Thursday, April 5, 2012

"The Wicked Pickett" - Wilson Pickett.

First things first. This album is just about entirely covers. Even the big hit on the album ("Mustang Sally") is a cover. That would seem to indicate that it is a weak album and/or is full of filler. Nothing could be further from the truth.

For starters, the album was recorded entirely in Muscle Shoals, Alabama, at the soon to be famous Fame Studios. Aretha Franklin recorded her first #1 R&B hit there around the same time ("I Never Loved A Man (The Way I Love You") and soon everyone from Paul Simon to Cher was recording in Muscle Shoals. Secondly, this means that the band backing Pickett was one of the strongest backup bands of the 20th century, including little known figures who deserve more credit, such as Spooner Oldham on keyboards, Jimmy Johnson on guitar and Roger Hawkins on drums. This was a mostly White band playing a Wilson Pickett album, and you wouldn't have suspected as much by listening to it!

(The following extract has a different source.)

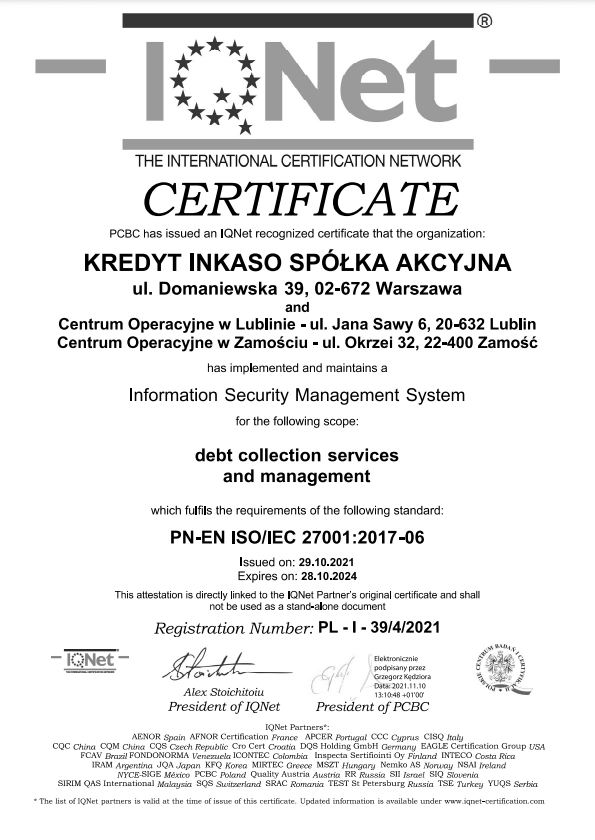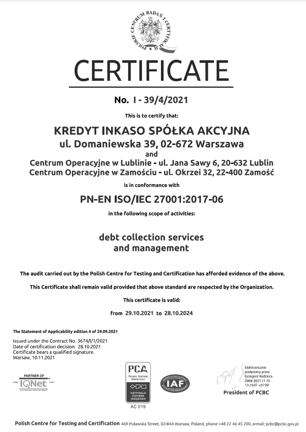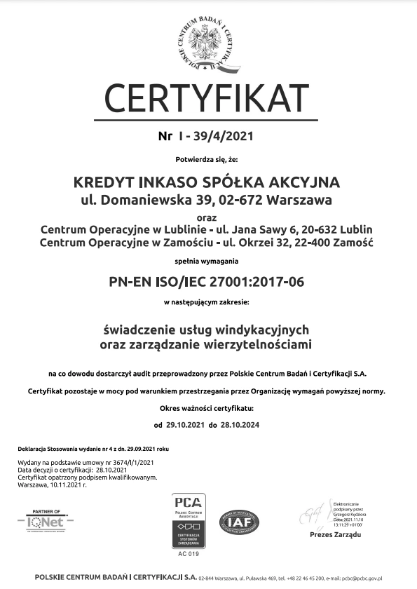 W wyniku audytu przeprowadzonego przez Polskie Centrum Badań i Certyfikacji S.A. Kredyt Inkaso S.A. uzyskało certyfikaty ISO w zakresie świadczenia usług windykacyjnych i zarządzania wierzytelnościami PN-ISO/IEC 27001:2017-06 oraz Certyfikat IQNet Bezpieczeństwa Zarządzania Systemem Informatycznym PN-ISO/IEC 27001:2017-06 ważne do dnia 28.10.2024 roku. Podczas procesu audytu nie stwierdzono żadnych niezgodności z normą.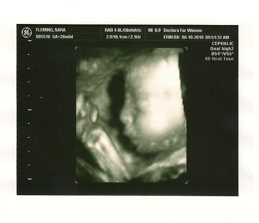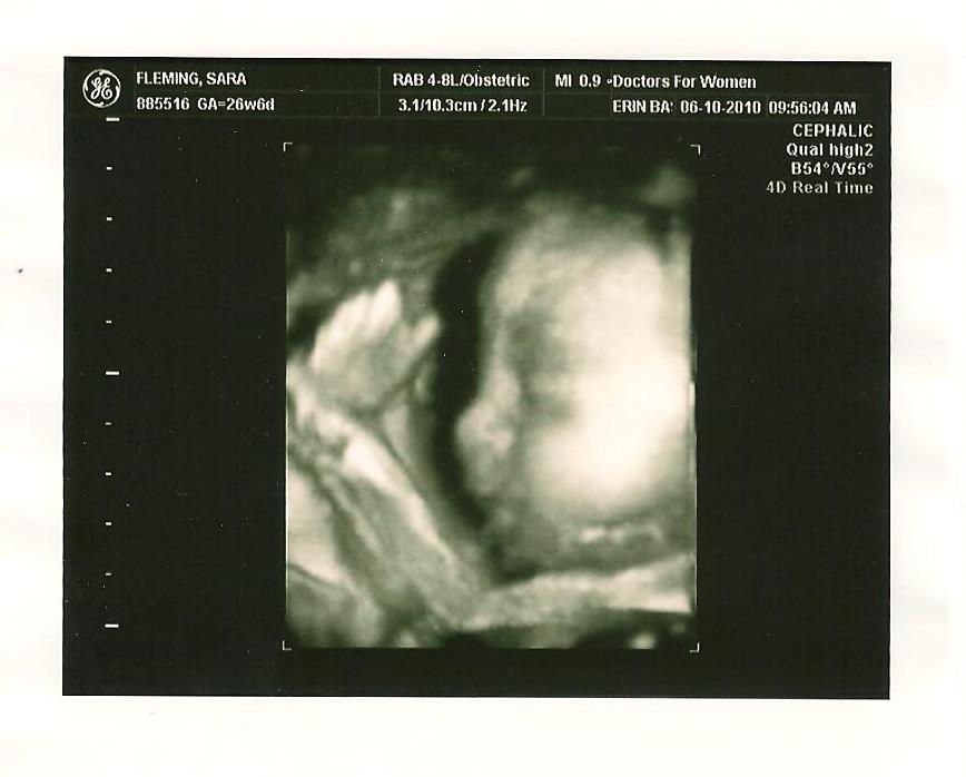 "Everybody says I look just like my Daddy. I have his nose and profile. But, I also have Mommy's cheeks and rounder face!" "I was not happy here. Mommy couldn't eat for 12 hours because of her glucose test, and the ultrasound tech. kept poking me to get me to turn. I don't usually play or kick at this time of day!"

The covers are well chosen and often improve on the original. The original version of "Mustang Sally" was by the author, Sir Mack Rice, and had been a minor R&B hit before Pickett put his distinctive stamp on it. He sped it up a bit and the band provided a funky backdrop which resulted in one of his most famous performances and is a song that everyone assumes started with him. Other highlights are his hit cover of Solomon Burke's "Everybody Needs Somebody To Love" (sped up in the process) and the Deep Soul classic "She Ain't Gonna Do Right" (written by one of my favorite songwriting duos, Dan Penn & Spooner Oldham). The two other songs co-written by Dan Penn on the album are classics of Deep Soul, the devotional "Up Tight Good Woman" and the heartbreaker "You Left The Water Running".

If you're as much of a Soul fan and a Wilson Pickett fan as I am, this album will not be enough. If that is the case, and you have a bit of spare box set money lying around, you need a copy of "Funky Midnight Mover - The Atlantic Recordings (1962-1978)," a 6-CD set which includes everything he recorded for Atlantic Records, including this album, as well as numerous rarities. It is much, much more consistently strong than I would have thought; only the Discofied second half of disc 5 drags (disc 6 contains the rarities).